Sandie Seward
|
ID Card scheme will probably "be delayed"A plan to introduce compulsory identity cards may be delayed, the government said on Tuesday, adding to speculation one of the world's largest IT projects could be scaled down or scrapped.
The introduction of biometric ID cards, the most ambitious scheme of its kind according to experts as they would carry fingerprint, iris and face-recognition technology, had been set for 2008.
However the Home Office confirmed the timescale would depend on a departmental review ordered by new Home Secretary John Reid and said the cards would only be introduced "when the time is right".
But it insisted the scheme would go ahead.
"We want to ensure we get the scheme right and do it in the right way rather than stick to any timetable," a Home Office spokesman said.
"Biometric identity is absolutely central to our future plans. We have always made clear that its introduction would be in stages -- an incremental process."
The statement follows the publication of leaked e-mails in a Sunday newspaper which said they were from senior civil servants involved in the scheme, expressing doubts about its feasibility.
Media reports said ministers were now preparing to scale down the project and come up with a compromise "face-saving" alternative scheme.
Any failure to bring in the cards on time would be an embarrassment for Prime Minister Tony Blair who has long championed their introduction, saying they were vital in tackling terrorism, fraud and organised crime.
But critics have leapt on the news as proof that the ID cards, which could cost as much as 19 billion pounds according to academics at the London School of Economics, would be an expensive white elephant that infringe on civil liberties.
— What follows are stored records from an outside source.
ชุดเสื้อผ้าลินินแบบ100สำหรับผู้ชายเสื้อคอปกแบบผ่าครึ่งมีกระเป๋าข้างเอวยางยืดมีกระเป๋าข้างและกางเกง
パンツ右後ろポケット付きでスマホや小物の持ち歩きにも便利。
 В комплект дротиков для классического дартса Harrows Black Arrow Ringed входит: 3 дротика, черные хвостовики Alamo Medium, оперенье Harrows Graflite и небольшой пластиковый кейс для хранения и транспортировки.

"The government has systematically misled the public, bullied Parliament and anyone who dared to speak against them, and wasted tens of millions already on a scheme that officials now admit is unworkable," said Phil Booth from campaign group NO2ID.
The Conservatives called for the scheme to be ditched.
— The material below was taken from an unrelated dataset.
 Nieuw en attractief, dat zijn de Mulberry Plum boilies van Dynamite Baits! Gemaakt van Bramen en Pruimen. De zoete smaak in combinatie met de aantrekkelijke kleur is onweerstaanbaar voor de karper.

"This ID card project continues to crumble as doubts about its effectiveness, technology and cost pile up," said the party's home affairs spokesman David Davis.
"It is becoming ever clearer, even from the government's own perspective, that they should abandon this expensive plastic poll tax which, far from improving our security, may well make it worse."
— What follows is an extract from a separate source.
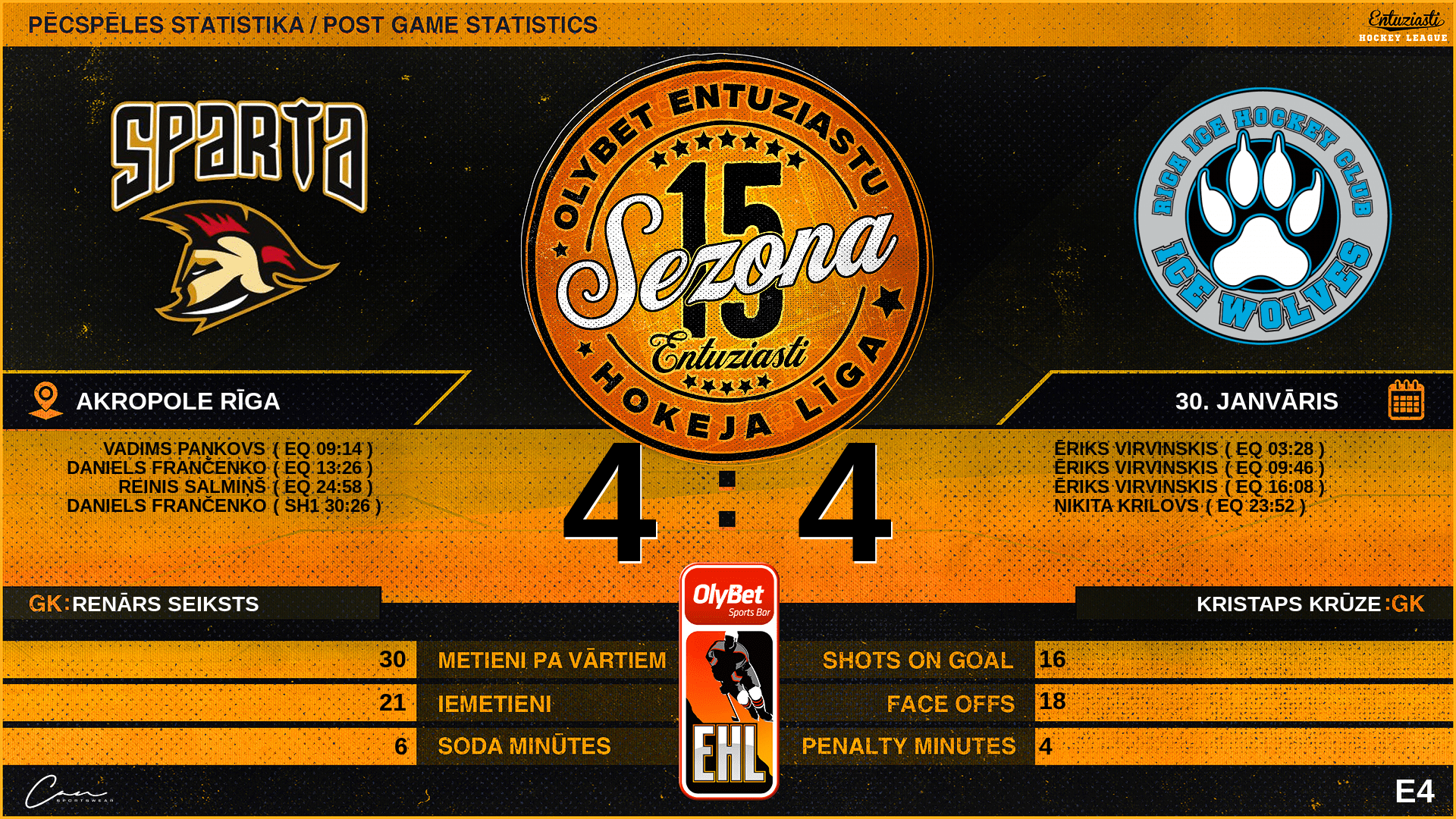 | 03:28 | WF2 | Vārti (EQ) | #28 Ēriks Virvinskis, piespēles: #97 Rojs Skrebels |

Parliament agreed the cards would be introduced from 2008 when citizens applying for or renewing passports would be given an ID card and their biometric details put on a national register.
However under a compromise deal, those applying from passports can opt out of getting an ID card until 2010.
When introduced, it would see Britons issued with ID cards for the first time since they were abolished after World War Two.
ID cards are used in about a dozen European Union countries but are not always compulsory and do not carry as much data as those planned for Britain.